• Action item: Below are the entries. Transcribe exactly the lines from the one with "Employees at Yashoda" through the one with "Ich habe mich", ends included, and leave out all others.
[[ Dataset records open ]]
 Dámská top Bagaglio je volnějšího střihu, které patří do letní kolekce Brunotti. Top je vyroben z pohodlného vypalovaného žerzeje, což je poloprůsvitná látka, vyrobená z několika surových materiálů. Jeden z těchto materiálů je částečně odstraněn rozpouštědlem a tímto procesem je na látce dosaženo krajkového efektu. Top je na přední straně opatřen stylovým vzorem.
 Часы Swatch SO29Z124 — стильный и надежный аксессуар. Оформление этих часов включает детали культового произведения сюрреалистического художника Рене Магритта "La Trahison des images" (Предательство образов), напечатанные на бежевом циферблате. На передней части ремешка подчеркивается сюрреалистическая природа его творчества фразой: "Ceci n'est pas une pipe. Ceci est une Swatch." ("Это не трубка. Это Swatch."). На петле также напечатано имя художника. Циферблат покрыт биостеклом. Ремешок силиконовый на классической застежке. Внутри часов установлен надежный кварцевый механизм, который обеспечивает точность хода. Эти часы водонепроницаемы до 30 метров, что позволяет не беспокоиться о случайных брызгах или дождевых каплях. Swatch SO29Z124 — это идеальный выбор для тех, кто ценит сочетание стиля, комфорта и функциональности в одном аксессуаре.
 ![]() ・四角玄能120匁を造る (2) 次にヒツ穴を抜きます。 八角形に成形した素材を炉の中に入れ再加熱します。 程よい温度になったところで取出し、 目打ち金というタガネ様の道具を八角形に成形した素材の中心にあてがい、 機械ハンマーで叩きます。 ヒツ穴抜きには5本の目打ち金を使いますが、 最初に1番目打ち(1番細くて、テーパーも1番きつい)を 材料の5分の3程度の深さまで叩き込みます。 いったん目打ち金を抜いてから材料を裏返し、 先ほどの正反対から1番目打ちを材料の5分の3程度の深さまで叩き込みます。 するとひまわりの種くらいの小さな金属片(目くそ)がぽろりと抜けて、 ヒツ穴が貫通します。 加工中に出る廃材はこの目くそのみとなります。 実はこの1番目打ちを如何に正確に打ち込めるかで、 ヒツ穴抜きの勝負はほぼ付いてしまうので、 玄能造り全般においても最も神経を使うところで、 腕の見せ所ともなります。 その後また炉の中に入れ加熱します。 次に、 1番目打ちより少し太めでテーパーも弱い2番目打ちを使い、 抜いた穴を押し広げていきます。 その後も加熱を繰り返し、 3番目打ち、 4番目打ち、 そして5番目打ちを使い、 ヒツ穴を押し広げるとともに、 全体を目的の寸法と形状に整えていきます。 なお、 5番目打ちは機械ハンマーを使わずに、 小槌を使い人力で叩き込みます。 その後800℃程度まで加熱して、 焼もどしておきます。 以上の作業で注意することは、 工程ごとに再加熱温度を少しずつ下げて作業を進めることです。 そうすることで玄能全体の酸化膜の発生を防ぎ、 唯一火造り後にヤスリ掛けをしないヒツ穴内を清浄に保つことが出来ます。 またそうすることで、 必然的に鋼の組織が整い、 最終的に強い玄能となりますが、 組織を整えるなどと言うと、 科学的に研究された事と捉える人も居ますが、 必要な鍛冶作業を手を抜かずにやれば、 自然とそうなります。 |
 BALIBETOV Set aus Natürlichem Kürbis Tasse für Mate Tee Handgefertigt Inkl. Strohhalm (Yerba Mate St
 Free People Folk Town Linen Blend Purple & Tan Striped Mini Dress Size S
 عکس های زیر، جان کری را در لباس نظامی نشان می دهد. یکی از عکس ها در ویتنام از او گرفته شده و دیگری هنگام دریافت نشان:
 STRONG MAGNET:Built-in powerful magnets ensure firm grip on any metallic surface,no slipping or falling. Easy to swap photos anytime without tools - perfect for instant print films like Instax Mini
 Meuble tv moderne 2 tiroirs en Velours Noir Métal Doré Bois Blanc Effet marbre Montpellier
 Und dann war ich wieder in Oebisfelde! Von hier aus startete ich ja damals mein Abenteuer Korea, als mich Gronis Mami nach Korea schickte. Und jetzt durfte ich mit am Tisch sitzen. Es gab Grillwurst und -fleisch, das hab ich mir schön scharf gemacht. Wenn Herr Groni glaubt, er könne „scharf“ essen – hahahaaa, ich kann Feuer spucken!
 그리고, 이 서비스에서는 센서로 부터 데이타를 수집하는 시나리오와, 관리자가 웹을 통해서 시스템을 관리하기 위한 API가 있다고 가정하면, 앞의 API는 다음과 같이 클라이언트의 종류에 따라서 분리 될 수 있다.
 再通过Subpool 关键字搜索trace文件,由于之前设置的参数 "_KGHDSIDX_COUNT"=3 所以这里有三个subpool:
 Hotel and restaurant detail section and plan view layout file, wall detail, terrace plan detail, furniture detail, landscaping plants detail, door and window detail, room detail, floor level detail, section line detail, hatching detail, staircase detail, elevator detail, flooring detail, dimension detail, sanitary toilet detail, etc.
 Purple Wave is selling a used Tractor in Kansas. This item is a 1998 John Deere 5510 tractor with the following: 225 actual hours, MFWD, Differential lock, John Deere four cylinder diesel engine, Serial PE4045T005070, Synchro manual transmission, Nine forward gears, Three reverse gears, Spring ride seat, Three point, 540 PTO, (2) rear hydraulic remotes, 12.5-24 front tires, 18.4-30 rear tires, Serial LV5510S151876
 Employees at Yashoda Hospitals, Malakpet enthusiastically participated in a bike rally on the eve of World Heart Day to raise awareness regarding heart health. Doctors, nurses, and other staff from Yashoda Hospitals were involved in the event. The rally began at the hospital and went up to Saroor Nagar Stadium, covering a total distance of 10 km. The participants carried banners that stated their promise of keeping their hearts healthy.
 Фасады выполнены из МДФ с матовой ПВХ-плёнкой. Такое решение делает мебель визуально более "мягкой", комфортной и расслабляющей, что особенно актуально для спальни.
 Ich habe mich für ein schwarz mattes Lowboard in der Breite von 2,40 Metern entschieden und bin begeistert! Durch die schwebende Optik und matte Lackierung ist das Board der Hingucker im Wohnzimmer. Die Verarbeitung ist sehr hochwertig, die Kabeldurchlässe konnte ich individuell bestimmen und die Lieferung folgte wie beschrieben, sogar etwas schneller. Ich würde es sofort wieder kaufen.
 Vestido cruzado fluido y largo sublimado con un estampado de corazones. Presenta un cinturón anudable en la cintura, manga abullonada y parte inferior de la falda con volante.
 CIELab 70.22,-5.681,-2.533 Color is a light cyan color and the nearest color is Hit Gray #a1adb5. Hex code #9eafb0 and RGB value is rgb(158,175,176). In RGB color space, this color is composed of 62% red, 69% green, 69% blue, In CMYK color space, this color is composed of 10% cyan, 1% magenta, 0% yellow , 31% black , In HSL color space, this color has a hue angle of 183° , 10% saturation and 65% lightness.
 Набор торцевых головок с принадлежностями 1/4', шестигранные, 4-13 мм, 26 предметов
[[ Dataset records closed ]]
• Answer box:
 Employees at Yashoda Hospitals, Malakpet enthusiastically participated in a bike rally on the eve of World Heart Day to raise awareness regarding heart health. Doctors, nurses, and other staff from Yashoda Hospitals were involved in the event. The rally began at the hospital and went up to Saroor Nagar Stadium, covering a total distance of 10 km. The participants carried banners that stated their promise of keeping their hearts healthy.
 Фасады выполнены из МДФ с матовой ПВХ-плёнкой. Такое решение делает мебель визуально более "мягкой", комфортной и расслабляющей, что особенно актуально для спальни.
 Ich habe mich für ein schwarz mattes Lowboard in der Breite von 2,40 Metern entschieden und bin begeistert! Durch die schwebende Optik und matte Lackierung ist das Board der Hingucker im Wohnzimmer. Die Verarbeitung ist sehr hochwertig, die Kabeldurchlässe konnte ich individuell bestimmen und die Lieferung folgte wie beschrieben, sogar etwas schneller. Ich würde es sofort wieder kaufen.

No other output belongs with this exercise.